**** DATA EXTRACTS ****

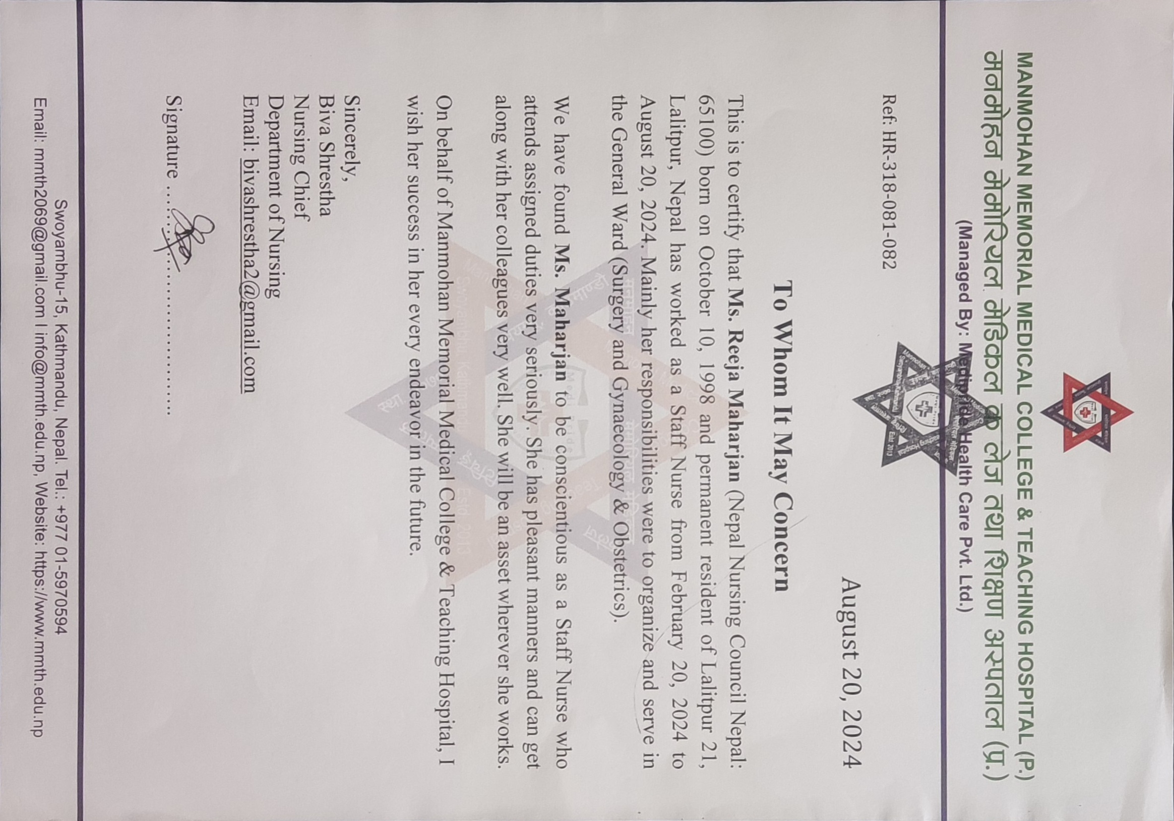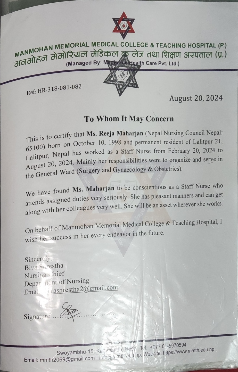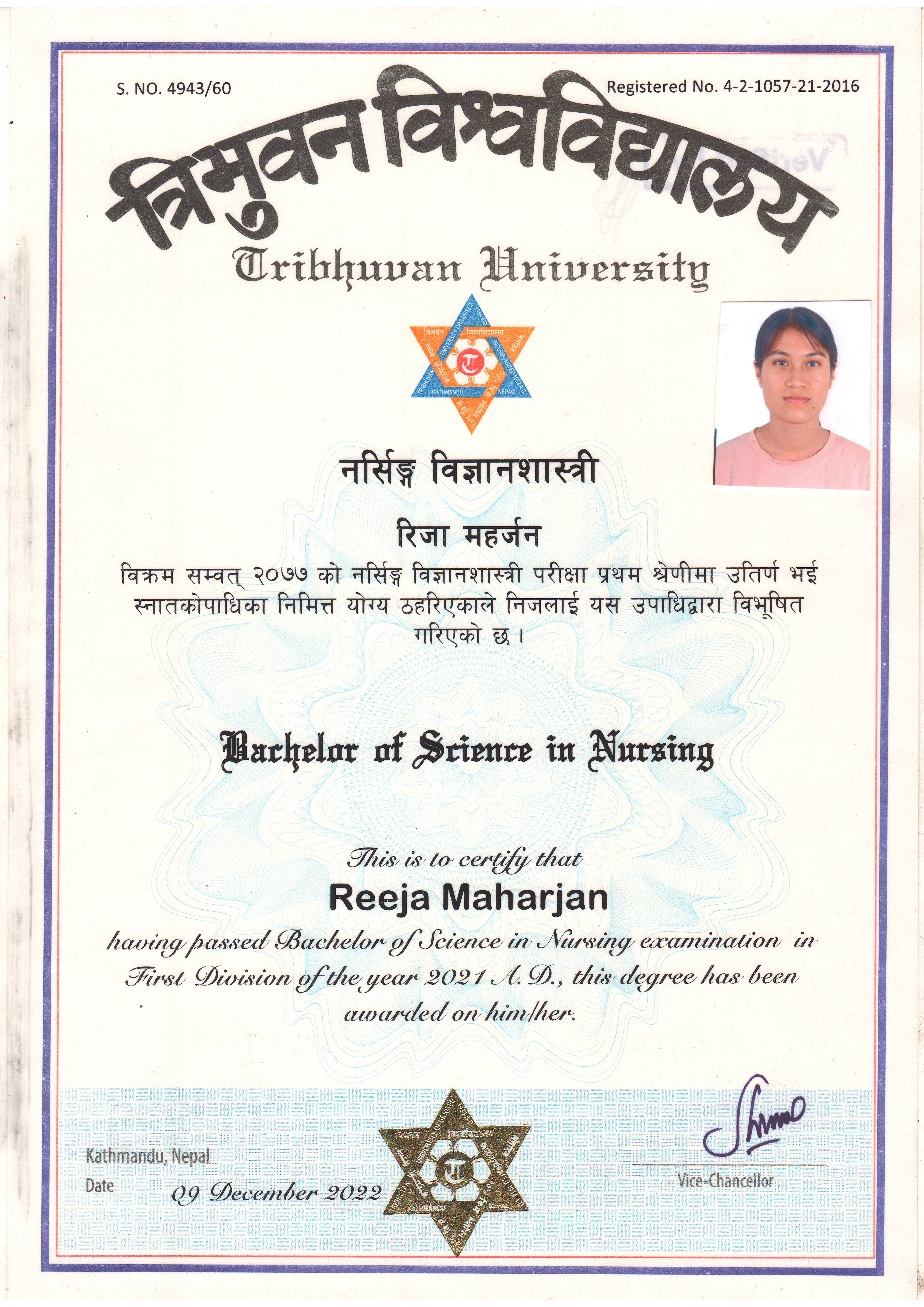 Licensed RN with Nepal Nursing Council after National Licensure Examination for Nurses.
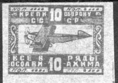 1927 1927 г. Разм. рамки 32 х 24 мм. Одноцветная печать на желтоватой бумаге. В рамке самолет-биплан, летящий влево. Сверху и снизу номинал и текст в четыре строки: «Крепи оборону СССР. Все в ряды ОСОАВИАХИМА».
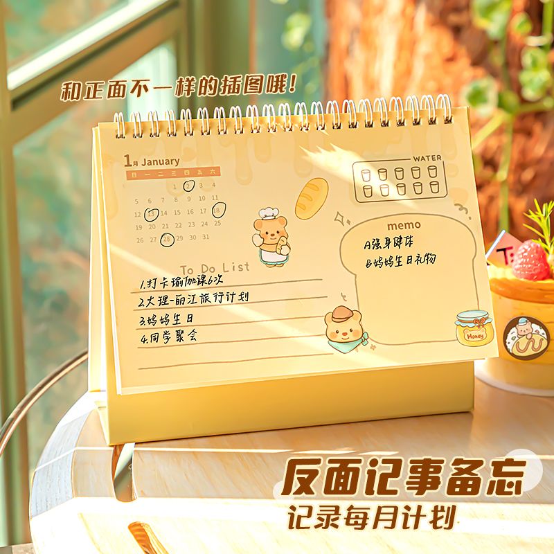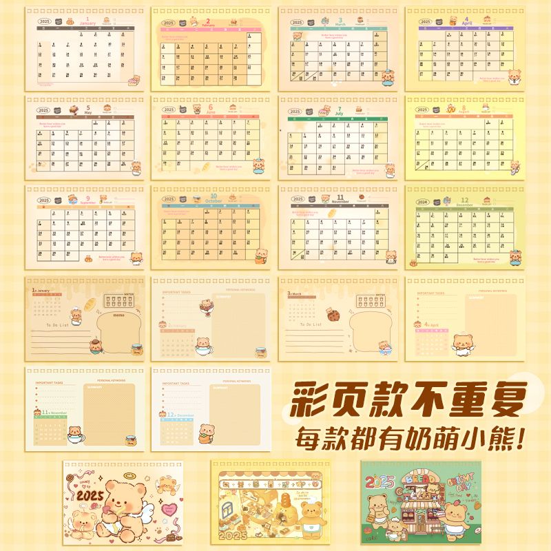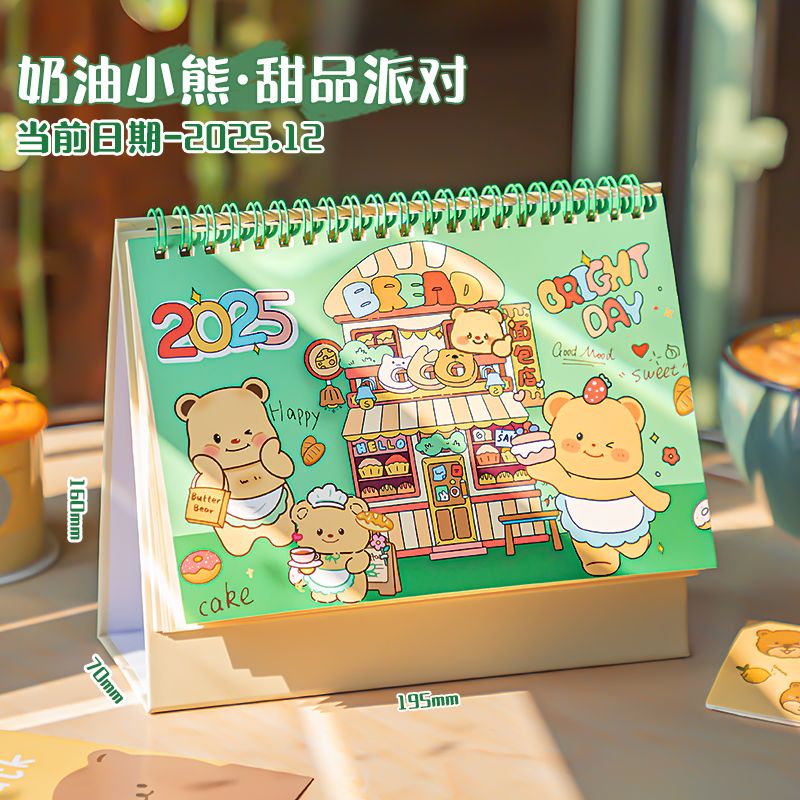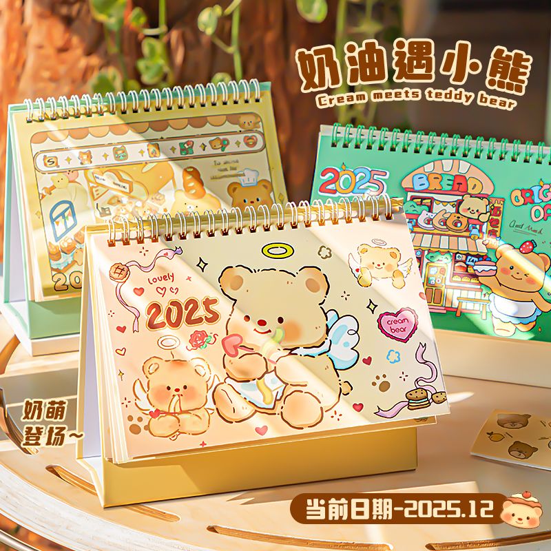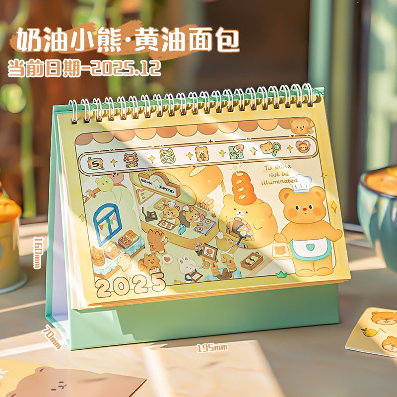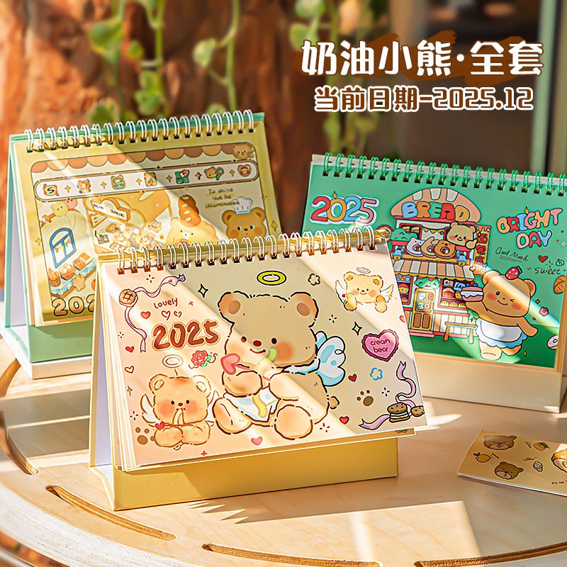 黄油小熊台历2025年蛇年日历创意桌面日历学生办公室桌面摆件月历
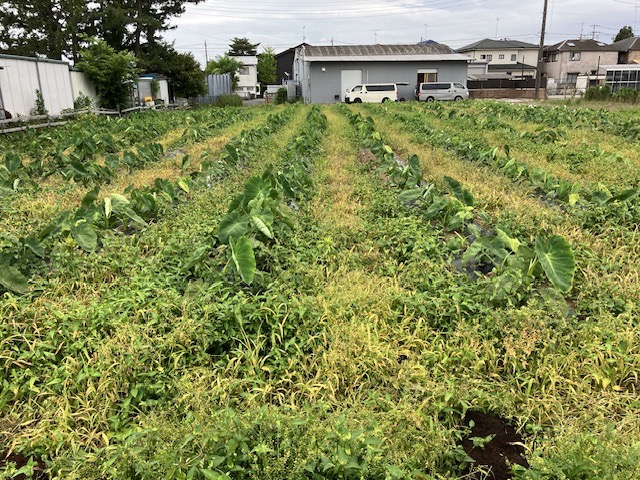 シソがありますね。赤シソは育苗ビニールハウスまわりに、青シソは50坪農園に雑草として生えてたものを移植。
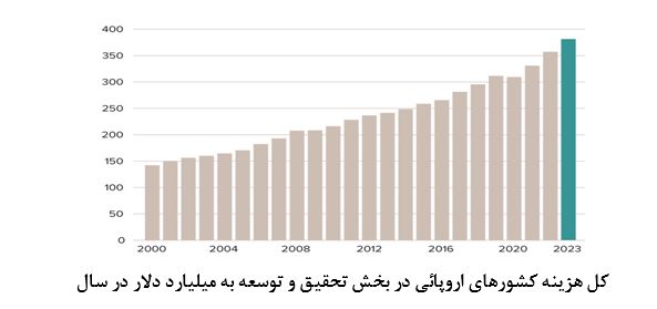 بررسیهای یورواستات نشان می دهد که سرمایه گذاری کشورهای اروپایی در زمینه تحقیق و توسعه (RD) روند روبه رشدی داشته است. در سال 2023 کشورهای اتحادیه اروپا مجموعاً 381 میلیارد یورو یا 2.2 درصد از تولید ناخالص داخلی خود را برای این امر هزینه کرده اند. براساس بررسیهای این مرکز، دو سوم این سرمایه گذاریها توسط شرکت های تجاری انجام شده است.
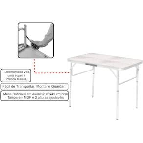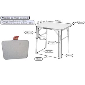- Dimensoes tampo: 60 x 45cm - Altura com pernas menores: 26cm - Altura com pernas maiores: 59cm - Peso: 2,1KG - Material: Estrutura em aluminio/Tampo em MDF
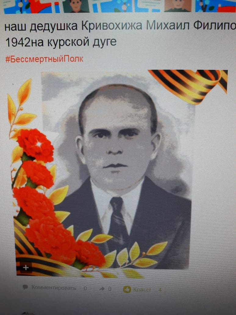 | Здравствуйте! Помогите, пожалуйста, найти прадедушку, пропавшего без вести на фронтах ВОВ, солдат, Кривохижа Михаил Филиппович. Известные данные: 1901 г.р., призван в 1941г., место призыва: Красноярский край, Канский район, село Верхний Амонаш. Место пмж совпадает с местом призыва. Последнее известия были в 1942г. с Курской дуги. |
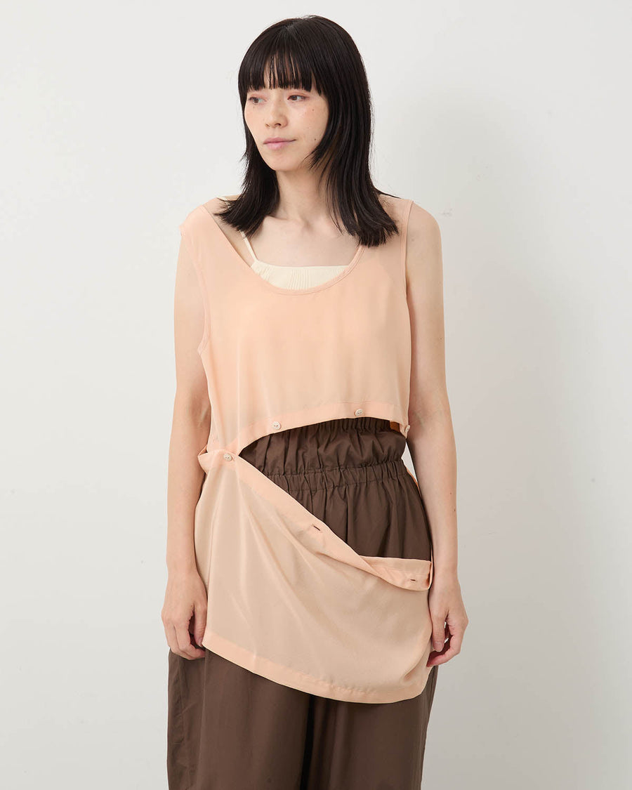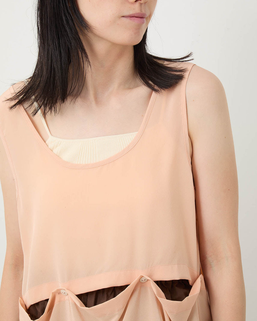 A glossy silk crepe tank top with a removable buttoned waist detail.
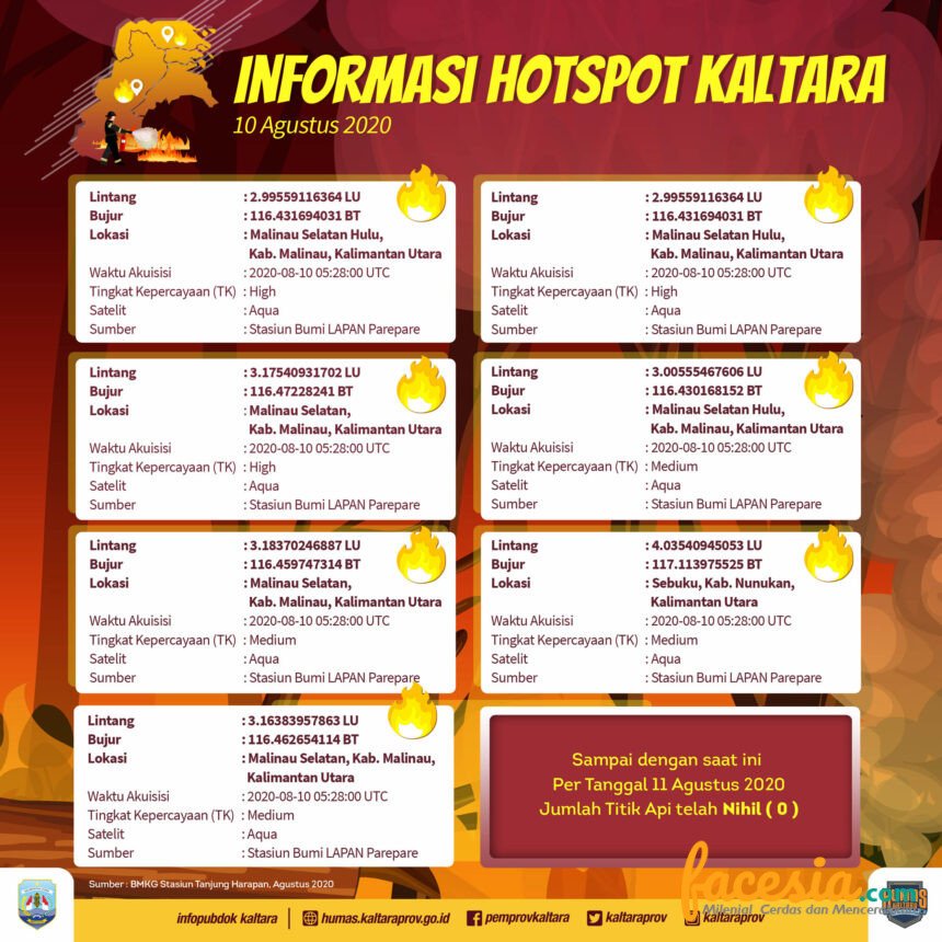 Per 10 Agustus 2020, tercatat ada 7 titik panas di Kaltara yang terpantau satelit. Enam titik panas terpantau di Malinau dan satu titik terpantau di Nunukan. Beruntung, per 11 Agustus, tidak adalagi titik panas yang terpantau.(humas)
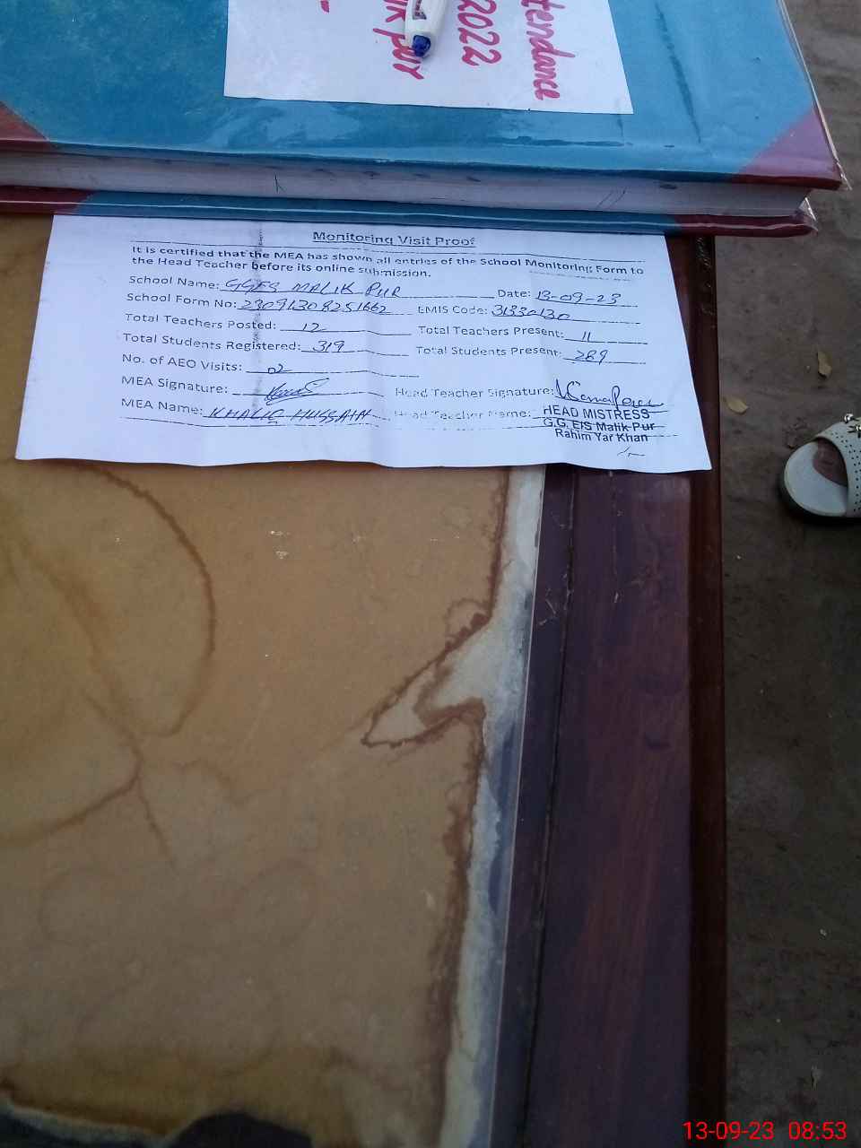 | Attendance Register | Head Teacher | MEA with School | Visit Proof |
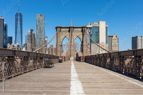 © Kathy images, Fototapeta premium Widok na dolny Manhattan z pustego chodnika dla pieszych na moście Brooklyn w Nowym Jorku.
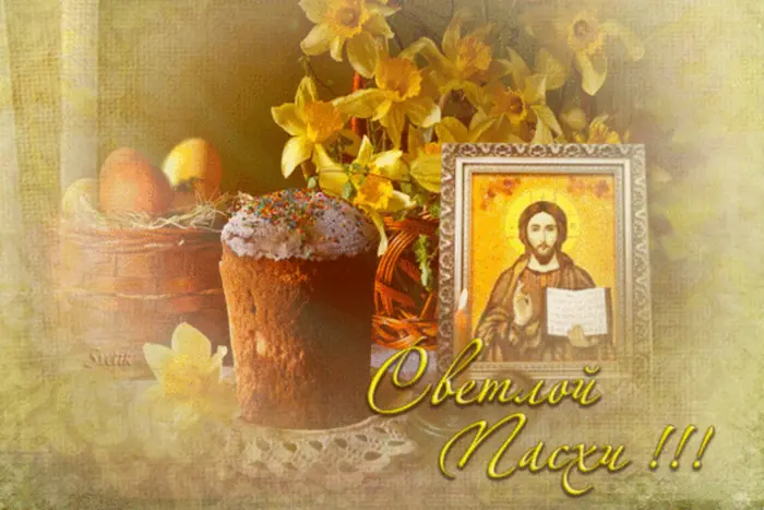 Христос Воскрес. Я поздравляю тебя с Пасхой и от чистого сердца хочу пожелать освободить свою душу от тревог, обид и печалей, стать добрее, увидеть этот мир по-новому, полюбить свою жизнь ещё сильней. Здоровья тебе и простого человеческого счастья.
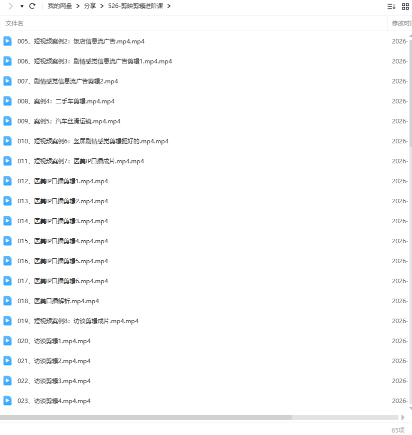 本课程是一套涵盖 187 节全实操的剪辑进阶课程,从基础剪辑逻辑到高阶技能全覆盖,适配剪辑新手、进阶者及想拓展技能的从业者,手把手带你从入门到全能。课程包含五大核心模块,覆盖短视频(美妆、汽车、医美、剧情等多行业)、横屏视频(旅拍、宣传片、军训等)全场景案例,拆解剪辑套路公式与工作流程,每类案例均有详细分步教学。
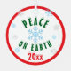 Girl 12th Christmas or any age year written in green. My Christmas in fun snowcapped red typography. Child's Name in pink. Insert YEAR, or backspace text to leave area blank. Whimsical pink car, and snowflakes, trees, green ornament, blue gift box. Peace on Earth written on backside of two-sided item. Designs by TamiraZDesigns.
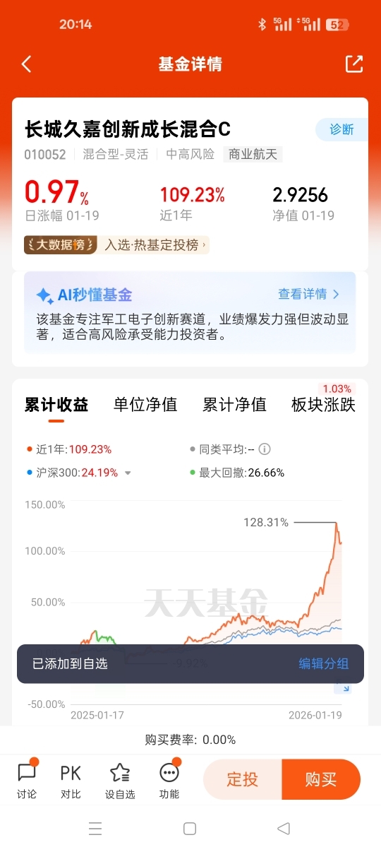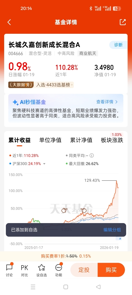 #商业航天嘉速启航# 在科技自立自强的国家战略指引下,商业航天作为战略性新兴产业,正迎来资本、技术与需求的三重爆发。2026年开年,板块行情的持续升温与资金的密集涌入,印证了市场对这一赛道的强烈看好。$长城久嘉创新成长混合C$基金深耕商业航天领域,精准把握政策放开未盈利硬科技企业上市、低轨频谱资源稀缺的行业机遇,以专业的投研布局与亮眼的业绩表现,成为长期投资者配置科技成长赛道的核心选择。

****

Print exactly the lines above that run from the one with "بررسیهای یورواستات نشان" to the one with "Visit Proof |", both included. No pictures.

FINISHED EXERCISE
 بررسیهای یورواستات نشان می دهد که سرمایه گذاری کشورهای اروپایی در زمینه تحقیق و توسعه (RD) روند روبه رشدی داشته است. در سال 2023 کشورهای اتحادیه اروپا مجموعاً 381 میلیارد یورو یا 2.2 درصد از تولید ناخالص داخلی خود را برای این امر هزینه کرده اند. براساس بررسیهای این مرکز، دو سوم این سرمایه گذاریها توسط شرکت های تجاری انجام شده است.
- Dimensoes tampo: 60 x 45cm - Altura com pernas menores: 26cm - Altura com pernas maiores: 59cm - Peso: 2,1KG - Material: Estrutura em aluminio/Tampo em MDF
 | Здравствуйте! Помогите, пожалуйста, найти прадедушку, пропавшего без вести на фронтах ВОВ, солдат, Кривохижа Михаил Филиппович. Известные данные: 1901 г.р., призван в 1941г., место призыва: Красноярский край, Канский район, село Верхний Амонаш. Место пмж совпадает с местом призыва. Последнее известия были в 1942г. с Курской дуги. |
 A glossy silk crepe tank top with a removable buttoned waist detail.
 Per 10 Agustus 2020, tercatat ada 7 titik panas di Kaltara yang terpantau satelit. Enam titik panas terpantau di Malinau dan satu titik terpantau di Nunukan. Beruntung, per 11 Agustus, tidak adalagi titik panas yang terpantau.(humas)
 | Attendance Register | Head Teacher | MEA with School | Visit Proof |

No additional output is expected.